Nous venons de voir que la sexualité, dans le cadre des relations de couple tout comme lors des relations extra-conjugales, est intimement liée aux trajectoires addictives. En outre, selon le témoignage de nos participants, les relations sexuelles non protégées et la consommation de substances ont souvent fait partie de leur scénario sexuel. Ces observations sont corroborées par les études de Myers et al., (2004) et de O’Byrne et Holmes (2011a). Étant donné que la consommation de SPA et les pratiques sexuelles à risque d’ITSS sont

souvent concomitantes, il est important de souligner, d’un point de vue de santé publique, que les HARSAH séropositifs consomment davantage de SPA comparativement à leurs pairs séronégatifs et qu’ils présentent davantage un profil de consommation problématique (Ferrando et al., 1998; Hickson et al., 2010; Keogh et al., 2009; Mackesy-Amiti et al., 2009; Otis et al., 2006). Ainsi, il est pertinent de soulever les inquiétudes quant aux possibles conséquences de ce comportement et de mettre en place des stratégies de prévention tenant compte de ce contexte.

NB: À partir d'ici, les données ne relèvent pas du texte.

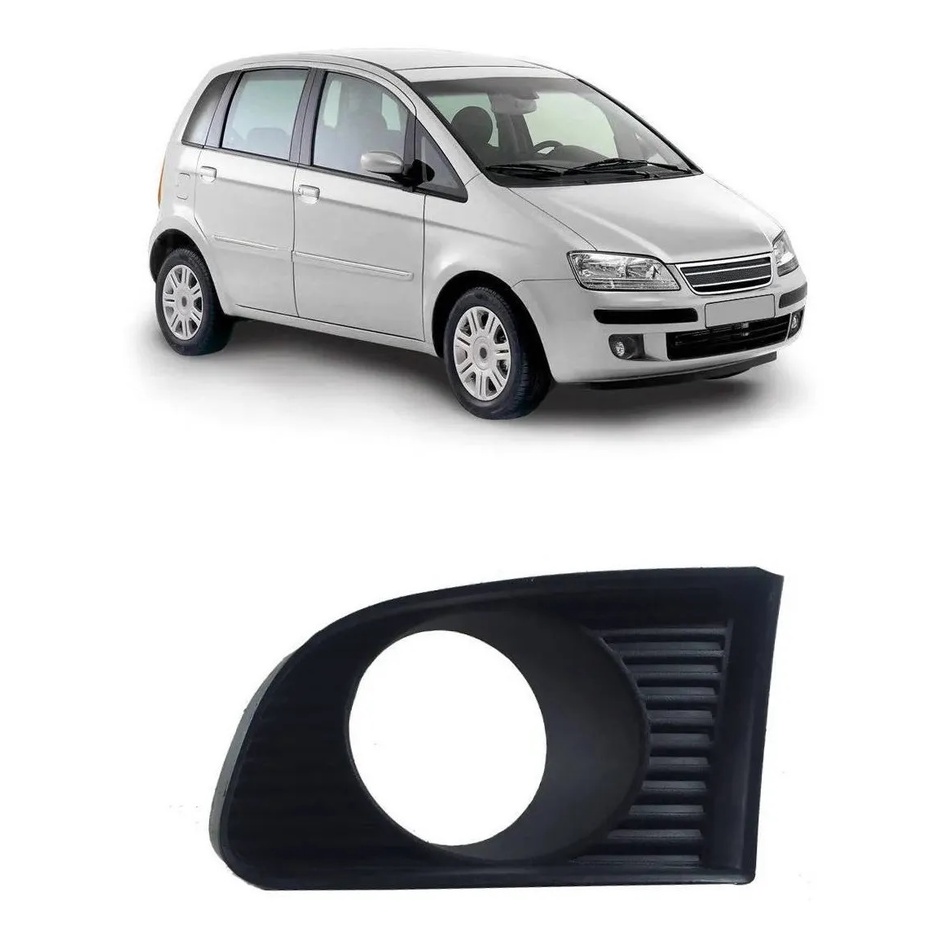 Grade Moldura Milha Fiat Idea 2005 2006 2007 2008 2009 2010 Com Furo Preto

Les constats relevés dans la littérature concernant la consommation de substances chez les hommes séropositifs s’observent aussi dans notre étude. En effet, 42,8 % de notre échantillon est formé d’hommes séropositifs. Cette forte proportion peut s’expliquer par le fait que plus d’hommes séropositifs consomment des SPA de façon problématique, mais aussi par les pratiques de consommation de SPA de plusieurs participants, notamment le recours à l’injection. De plus, étant donné que le recrutement s’est effectué, entre autres, par le biais d’organismes communautaires travaillant dans le domaine du VIH, il était prévisible que le nombre d’hommes vivant avec le VIH soit élevé. Cela a permis de diversifier notre échantillon concernant l’expérience du VIH et ses liens avec la consommation de SPA. En outre, les participants rapportent des pratiques sexuelles impliquant le multi partenariat sexuel, le sexe intentionnellement non protégé, les rencontres sexuelles prolongées par la consommation de SPA, ce qui peut expliquer également la forte prévalence du VIH dans notre échantillon.